2. Don’t ever keep anything from your spouse.
– There’s no reason why the first image in their Mental Photo Album of your body should be of you sitting on the toilet or the like. Just as you’ve set your spouse apart from everyone else in the world, also set yourself apart in your modesty for them.


Ken's Wedding D'var Torah: To Carry and To Give

Recently, a friend asked for my notes from a d’var Torah I gave for a friend’s wedding last August. I thought I’d put it out here for you guys as well. Feel free to steal it for any wedding! 

Not a Ladder Rung: L’Besar Echad

If you are attending a Jewish wedding, you were called to be witnesses to not the next rung in a relationship ladder as society as made many to believe, but rather to bear witness to sealing of a holy covenant between two people and the God of Israel. This covenant is, as Genesis 2 says, the reason a man ever leaves the home of his parents – to hold fast to his wife so the two may become “l’basar echad” – one flesh. The term “echad” is the same expression Moses uses to express to Israel the very nature of their God – a holy unity that binds the universe together: Shema Yisrael, Adonai Eloheinu, Adonai Echad. “Hear O Israel, HaShem is God. HaShem is One.”

Ve-Ahavta Le’reaka Kamoka

In becoming “l’besar echad”, this brings about a unique responsibility as expressed the command of “ve-ahavta le’reaka kamoka” to love your neighbor as yourself. Within the unity of marriage, being “l’basar echad“, caring for the other is caring yourself. It is in your best interest to care about their wellbeing from the depths of your heart because they are, in a sense, you. You have been unified.

May You Have the Simcha of Adam and Chavah

In the seven traditional wedding blessings, one of the blessings is that you may be blessed with the simcha, the perfect joy, of Adam and Chavah, Adam and Eve that they shared in Gan Eden. What is so perfect about this simcha, this kind of joy? It is because they, beyond a shadow of a doubt, knew that they were literally made for each other. This is the kind of simcha, the kind of perfect joy that everyone who loves you wants to bless your marriage with this day and every day of your marriage.

Ahavah – Giving, Not Love

You know, oddly enough, though we think we’ve been taught these concepts from a Biblical perspective, there is Hebrew word for the Western concept of “love.” It’s not lovey dovey, mushy gushy puppy dog tails and butterfly kisses. It’s not fluffy. It’s work. The word for “love” in Hebrew is “ahavah.” Many translate this as love, but that’s not what it means. When you break it down, the root of the word “hav” simply means “give.” Ahavah is the expression “I will give.” Ahavah is the promise of action. It is the promise of giving.

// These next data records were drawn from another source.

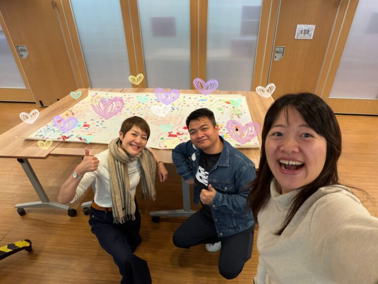 We began with interactive games, opening each other’s hearts in a relaxed and cheerful atmosphere. From individual creation to collaborative creation, we practiced expressing ourselves step by step — starting with free creation in our own personal space, learning to recognize personal boundaries, and understanding how to respect and appreciate both ourselves and others. Finally, each student wrote a sentence to their artwork — it might be words of gratitude, encouragement, or a promise to themselves.
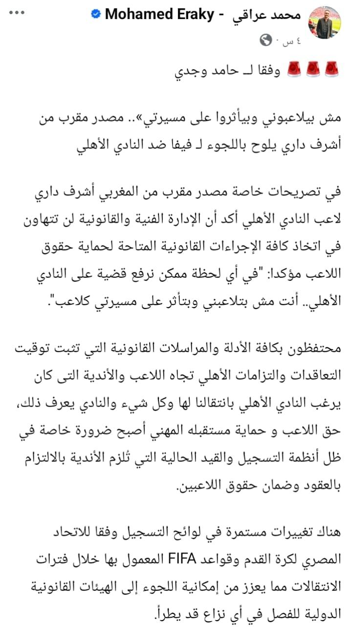 وكتب الناقد الرياضي محمد عراقي عبر حسابه الشخصي بأحد مواقع التواصل الإجتماعي قائلا عن احد المقربين من اللاعب المغربي أشرف داري أن الإدارة الفنية والقانونية لن تتهاون في اتخاذ جميع الإجراءات القانونية المتاحة للحفاظ على حقوق اللاعب مؤكدا في أي لحظة ممكن نرفع قضية على النادي الأهلي أنت مش بتلاعبني وبتأثر على مسيرتي كلاعب.وأضاف : أن اللاعب يحتفظ بكافة الأدلة والمراسلات القانونية التي تثبت مواعيد التعاقدات والتزامات الأهلي تجاهه، والعروض والأندية التي كان يرغب النادي في انتقاله إليها مشيرا إلى أن كل شيء موثق والنادي على علم بذلك. وشدد على أن حماية حق اللاعب ومستقبله المهني أصبحت ضرورة في ظل أنظمة التسجيل والقيد الحالية التي تُلزم الأندية بالالتزام بالعقود وضمان حقوق اللاعبين.وأنهى حديثه هناك تغييرات مستمرة في لوائح التسجيل وفقًا للاتحاد المصري لكرة القدم وقواعد FIFA المعمول بها خلال فترات الانتقالات ما يعزز من إمكانية اللجوء إلى الهيئات القانونية الدولية للفصل في أي نزاع قد ينشأ.
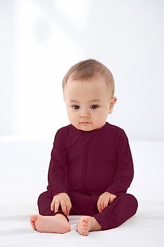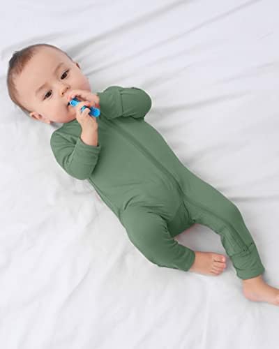GUISBY Baby Pajamas with Mitten Cuffs - 3Pcs Girls Boys 2 Way Zipper Long Sleeve Rayon Sleepers

Nesuin – Not Marriage, Carrying

By the same odd coin, there is no Hebrew for “marriage.” You won’t find a wedding ceremony spelled out in the Bible – it’s usually a man taking for himself a wife. The closest word we have is “nesuin” – but “nesuin” doesn’t mean marriage – rather it expresses the nature of it. The root of it is “nu-say” – “to carry”. The whole word is plural and means “carryings.”
To marry is to carry. To love is to give. May everyone shower a “nesuin“, a marriage, with their own “ahavah“, their own givings of love just as you two are giving yourself to one another as a source of blessing on the life of the other.